Tuesday, July 31, 2007

Lifting the lid on French politics

Politics

ed Tuesday 10.00: We have been having trouble with our landline. We lose our internet connection from time to time, although it's obviously working now.


The Telegraph's leader today looks at the extraordinary allegations being made against the erstwhile French PM, Dominique de Villepin, namely that he attempted to stitch up the-then Interior Minister Nicolas Sarkozy with trumped-up charges of taking bribes.

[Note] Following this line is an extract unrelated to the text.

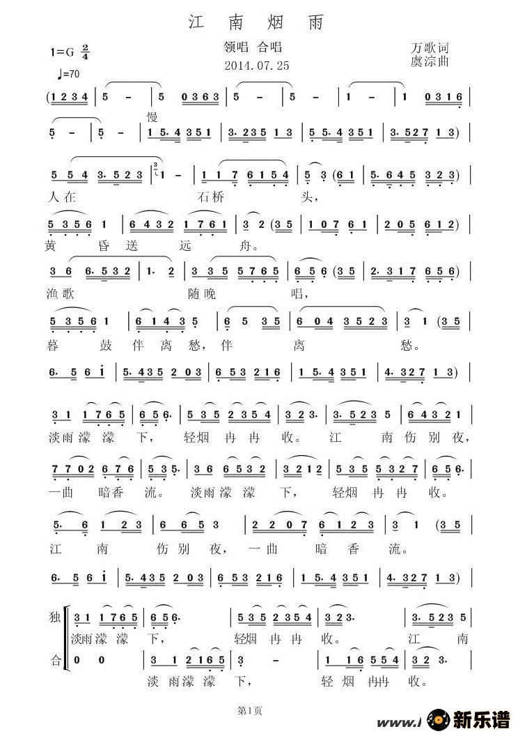 > 江南烟雨最新曲谱

Maybe Sarkozy's predecessor, Jacques Chirac, thought that the only problem he faced with loss of Presidential immunity concerned the freewheeling manner in which he ran his expense account while Mayor of Paris. If so, then the recent moves against Villepin look ominous, since Chirac too now risks being implicated in this tale of vicious skullduggery at the heart of the ancien régime.

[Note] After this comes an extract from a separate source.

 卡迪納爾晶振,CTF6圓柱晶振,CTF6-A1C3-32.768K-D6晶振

The leader ends with the following words:

"These are allegations that strike at the heart of the way France is governed. If proved, they will expose something very rotten in the state of its democracy and must impact on us as one of France's closest partners in Europe."


Mine was the first comment. No doubt there will be more in a similar ascerbic vein:


Comments

French voters are repeatedly reminded by their politicians about how they are blessed with having liberty, equality and fraternity.

Integrity in public life? But what is that - some tedious Anglo-Saxon obsession, a quaint puritanical self-denying ordinance perhaps ? No self-respecting French politician would allow his or her freedom of action to be constrained by anything so inconvenient and mundane as a principle.